Die neuen Corona-Maßnahmen sind beschlossen – von der Bundeskanzlerin mit den Ministerpräsidentinnen und Ministerpräsidenten. Der Linken-Gesundheitspolitiker Achim Kessler kritisiert jedoch im Dlf, dass Einschränkung von Freiheitsrechten nicht an den Parlamenten vorbei getroffen werden dürften.

Achim Kessler im Gespräch mit Christiane Kaess | 16.10.2020
Bundeskanzlerin Angela Merkel gibt nach einem Treffen mit den Ministerpräsidenten der Länder zu steigenden Infektionszahlen und weiteren Corona-Maßnahmen eine Pressekonferenz.
Bundeskanzlerin Angela Merkel hatte das weitere Vorgehen in der Pandemie mit den Ministerpräsidentinnen und Ministerpräsidenten der Bundesländer abgestimmt (AFP POOL)
Bei dem Treffen von Bundeskanzlerin Angela Merkel (CDU) mit den Ministerpräsidentinnen und Ministerpräsidenten wurden neue Maßnahmen zur Eindämmung der sich wieder stärker ausbreitenden Pandemie beschlossen.
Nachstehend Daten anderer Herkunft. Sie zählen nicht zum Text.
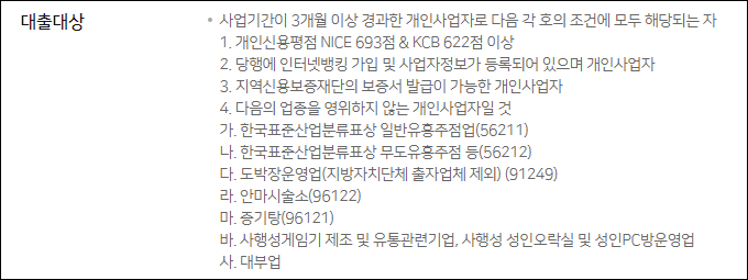 - 개인신용평점 NICE 693점, KCB 622점 이상인 소상공인

Dabei lag der Fokus auf mehr Einheitlichkeit zwischen den Bundesländern. Das hat man in ein paar Punkten geschafft. Die Zahl der Neuinfektionen, ab der dann schärfere Maßnahmen greifen, gilt jetzt bundeseinheitlich. Und auch die Maßnahmen selbst, die die Maskenpflicht oder öffentliche und private Veranstaltungen betreffen. Nicht weitergekommen ist man bei der Frage der Beherbergungsverbote. Es kam dennoch Bewegung in die Sache, denn der Verwaltungsgerichtshof Mannheim und das niedersächsische Oberverwaltungsgericht kippten gestern das Beherbergungsverbot für Baden-Württemberg und Niedersachsen.
Achim Kessler, Obmann der Linken im Gesundheitsausschuss des Bundestages, begrüßt diese Entscheidung. Denn seiner Auffassung nach fahre die Bundesregierung nur auf Sicht, ohne eine langfristige Strategie zu verfolgen. Zudem beklagte er im Deutschlandfunk, dass die Maßnahmen ohne Einbeziehung des Parlamentes stattfinden.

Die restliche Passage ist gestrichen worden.